▶
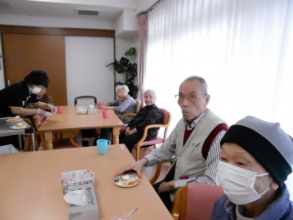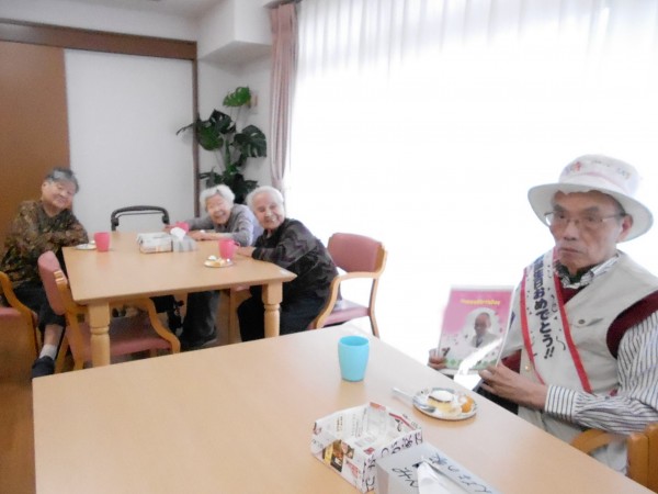 誕生日帽子(?)とタスキを掛け 2階の入居者様に祝っていただきました
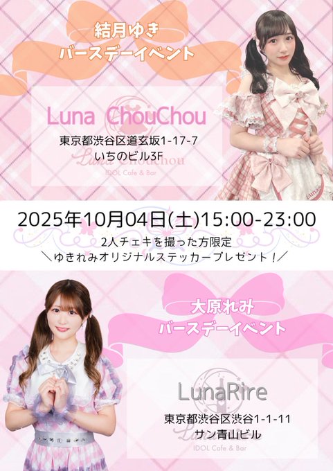 高橋あやか🐙🍥さんがリポスト結月ゆき 次回お給仕10/3-10/9🎀@Ynki910·\🎂10/4(土)バースデー詳細🎂/ この日は会いにきてくれると 嬉しいです🥹 ご飯も頑張って作るので、食べてね♡ れみちゃんとのハシゴ特典もあります✨ 特典バースデー限定だから ぜひ、ゲットしてほしいな💭💕大原れみ49261,287
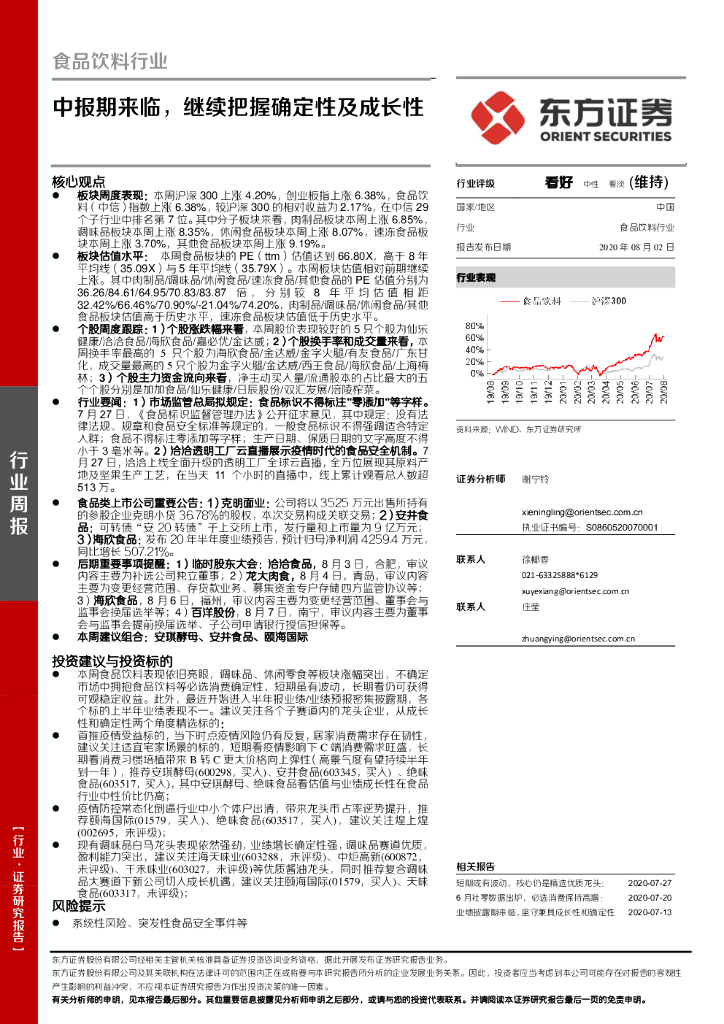 东方证券:食品饮料行业周报:中报期来临,继续把握确定性及成长性.pdf
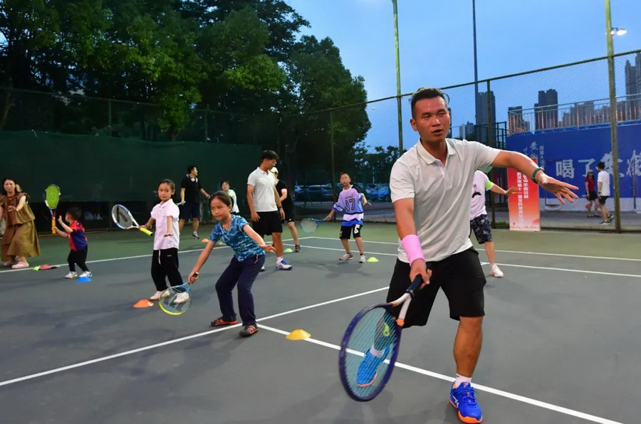 开幕式期间,2023年“趣谷杯”武汉市第十一届全民健身运动会健身操舞比赛、网球比赛、市民网球公益体验活动,分别在武汉全民健身中心篮球场、网球场进行,1100余名选手和体育运动爱好者积极参与其中,充分感受到了体育运动带来的健康和快乐。
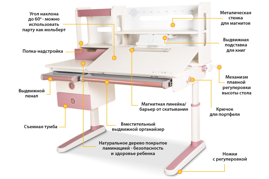 Детский стол Mealux Oxford Max – полная комплектация парты Oxford Столешница создана из древесины лиственных пород, покрыта защитной ламинацией, что позволит такому столу надолго сохранить свой вид и функциональность. Многофункциональность, прочность, современный дизайн и натуральные, безопасные материалы, качественный пластик – все это очень важно и гарантирует надежность в пользовании на многие годы.
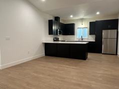• Modern kitchen with soft close custom cabinetry, Energy Star stainless steel appliances include: dishwasher, refrigerator, oven range, hood-vent microwave
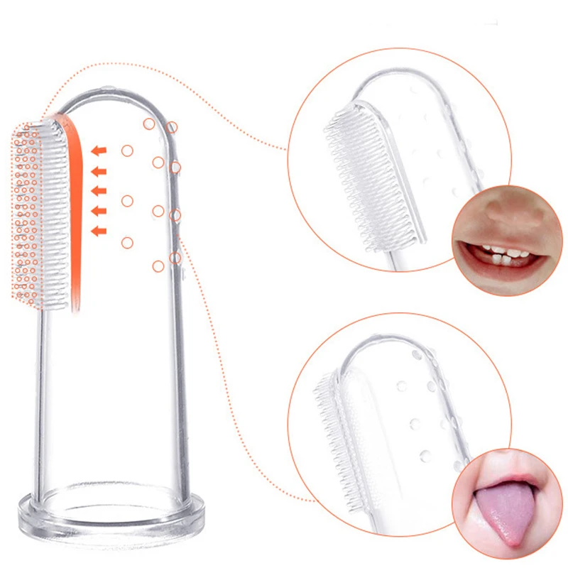 Детская зубная щетка на палец, Детская прозрачная Массажная мягкая силиконовая резиновая Чистящая Щетка для младенцев, зубная щетка для ухода за младенцами
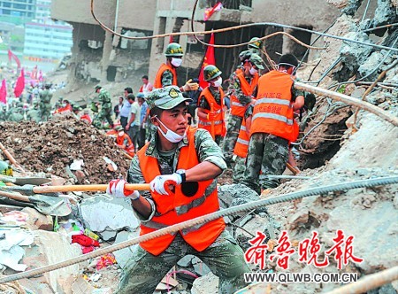 戰(zhàn)士們忙著救人,以至于忘了溫家寶總理到現(xiàn)場的具體時間。
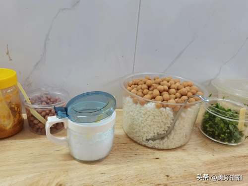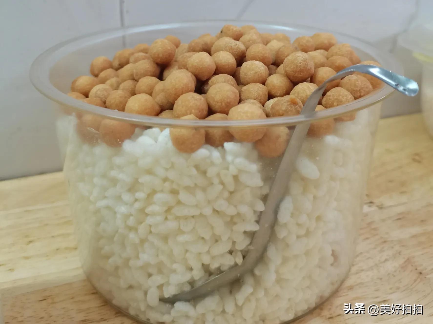 每张桌子上都摆放着炒米,麻旦果,葱花香菜 ,花生, 黄豆,红糖,盐 ,自己随便加 ,再买个艾叶糍粑,当早餐基本可以吃个饱。
◀
_Work task_. All of the material above is to be copied exactly, except for its images.

_Result of the exercise_.
 誕生日帽子(?)とタスキを掛け 2階の入居者様に祝っていただきました
 高橋あやか🐙🍥さんがリポスト結月ゆき 次回お給仕10/3-10/9🎀@Ynki910·\🎂10/4(土)バースデー詳細🎂/ この日は会いにきてくれると 嬉しいです🥹 ご飯も頑張って作るので、食べてね♡ れみちゃんとのハシゴ特典もあります✨ 特典バースデー限定だから ぜひ、ゲットしてほしいな💭💕大原れみ49261,287
 东方证券:食品饮料行业周报:中报期来临,继续把握确定性及成长性.pdf
 开幕式期间,2023年“趣谷杯”武汉市第十一届全民健身运动会健身操舞比赛、网球比赛、市民网球公益体验活动,分别在武汉全民健身中心篮球场、网球场进行,1100余名选手和体育运动爱好者积极参与其中,充分感受到了体育运动带来的健康和快乐。
 Детский стол Mealux Oxford Max – полная комплектация парты Oxford Столешница создана из древесины лиственных пород, покрыта защитной ламинацией, что позволит такому столу надолго сохранить свой вид и функциональность. Многофункциональность, прочность, современный дизайн и натуральные, безопасные материалы, качественный пластик – все это очень важно и гарантирует надежность в пользовании на многие годы.
• Modern kitchen with soft close custom cabinetry, Energy Star stainless steel appliances include: dishwasher, refrigerator, oven range, hood-vent microwave
 Детская зубная щетка на палец, Детская прозрачная Массажная мягкая силиконовая резиновая Чистящая Щетка для младенцев, зубная щетка для ухода за младенцами
 戰(zhàn)士們忙著救人,以至于忘了溫家寶總理到現(xiàn)場的具體時間。
 每张桌子上都摆放着炒米,麻旦果,葱花香菜 ,花生, 黄豆,红糖,盐 ,自己随便加 ,再买个艾叶糍粑,当早餐基本可以吃个饱。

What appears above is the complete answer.